The Oromo calendar was developed in 300 BC. Based on lunar-stellar composition, the calendar relies on astronomical observation of the moon in conjunction with seven particular stars of constellations. The Oromo months (based on stars and lunar phases) are Bittottessa (Triangulum), Camsa (Pleiades), and Bufa (Aldebaran).

===New Year's Day===
Enkutatash is the New Year holiday of Ethiopia and Eritrea. It occurs from 11 September – 12 September except for Gregorian leap years. The date correspondence applies from the Gregorian years 1900 to 2099. The Ethiopian calendar has a leap year every four years, without exception, while the Gregorian calendar has a leap year every four years except centennial years not divisible by 400. Thus, the date difference between the two calendars increases by about one day per century (or more precisely, one day per non-quadcentennial century).

===Eras===
Ethiopians and Eritreans follow Incarnation Era starting from Annulation or Incarnation of Jesus on 25 March 9 AD, calculated by Annianus of Alexandria c. 400 AD. Thus, the first civil year began seven months earlier, on 29 August 8 AD. This calendar differs from European calendars due to the adoption of subsequent calculation by Dionysus Exiguus in 525 AD, which placed the Annunciation eight years earlier than had Annianus. This places the Ethiopian calendar about 7–8 years behind the Gregorian calendar, depending on which part of the year is being compared.

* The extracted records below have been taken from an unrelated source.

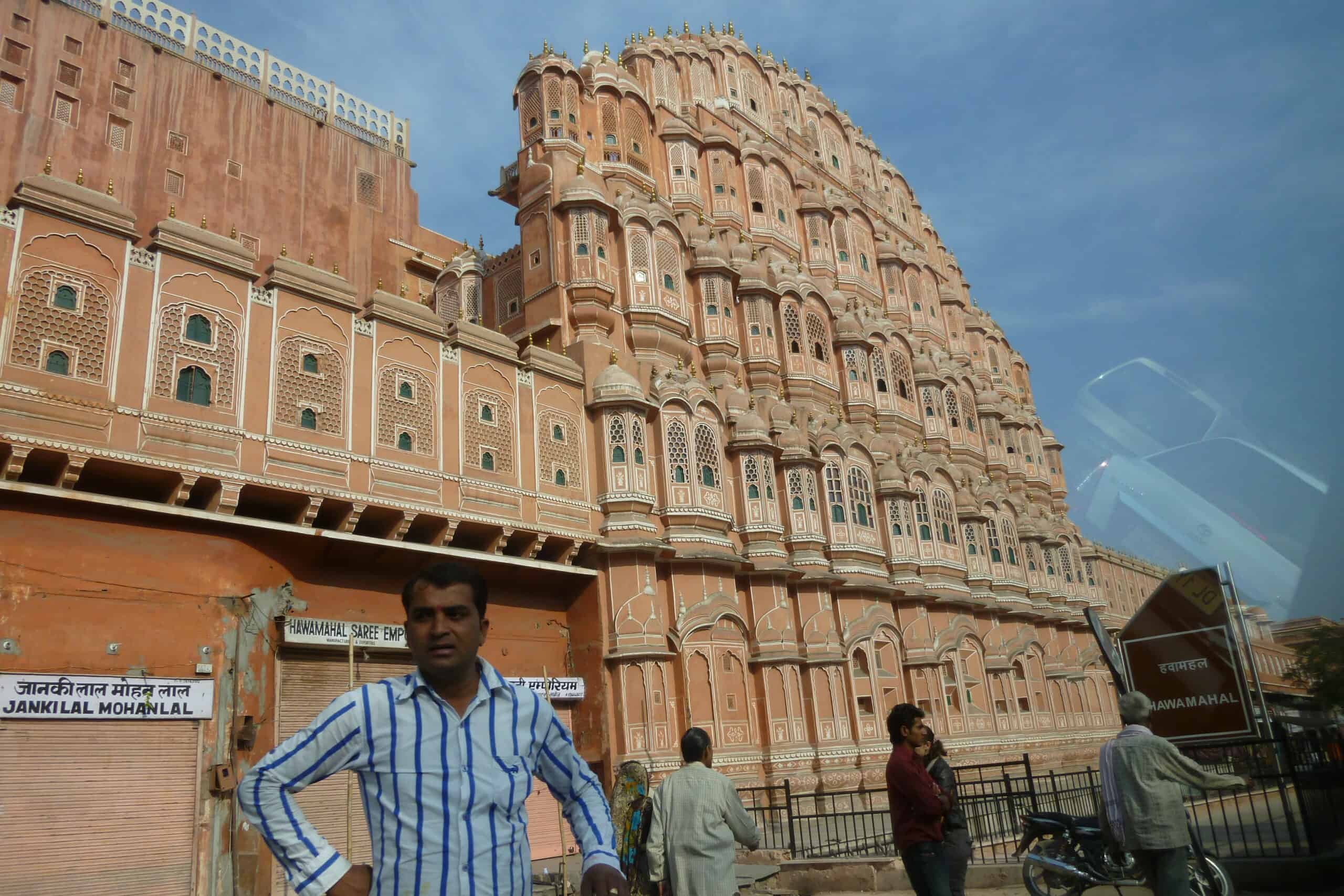 Mitten in Jaipur steht ein weiterer Palast, den wir uns eigentlich viel schöner vorgestellt haben. Es ist das fünfstöckige Hawa Mahal – der Palast der Winde, der seinen Namen den 953 Gitterfenstern in der Fassade verdankt. Er steht mitten in der Altstadt von Jaipur, umringt von kleinen Ladenlokalen, die es so schon seit dem 16. Jahrhundert gibt – erzählt man uns.
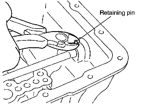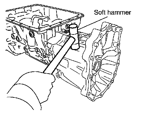 Press out snap ring from the transmission case oil pan side gap with a flat-bladed screwdriver, and remove it using a another screwdriver.
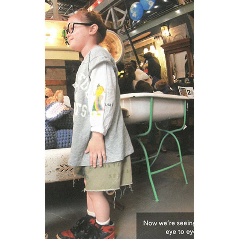 落書きプリントのパフスリーブがポイント。

In the past, numbering era was widely used in the Aksumite Kingdom.

===Era of the Martyrs===
"Era of the Martyrs", also known as Diocletian Era, is mostly used by Eastern Churches and the Coptic Church, and began on 29 August 284. Three months later then the Gregorian and Julian calendars, the difference between the Era of Martyrs and Anno Domini is 285 (15×19) years, caused in 525 AD. Dionysus Exiguus decided to add 15 Metonic cycles to the existing Diocletian Era (15×19 + 13×19 = 532) to obtain the 532-year medieval Easter cycle, whose first cycle ended with the Era of Martyrs year 247 (13×19), equal to year DXXXI. 532 years is a product of Metonic cycle of 19 years and Solar cycle of 28 days.

===Anno Mundi according to Panodoros===
Around 400 AD, an Alexandrian monk named Panodorus fixed the Alexandria Era, which determines Anno Mundi (the year of world) starting from 29 August 5493 BC. After 6th century, the era was used by Egyptian and Ethiopian chronologists. The twelfth 532-year-cycle of this era began on 29 August 360 AD, which is 76 (4×19) years after the Era of Martyrs.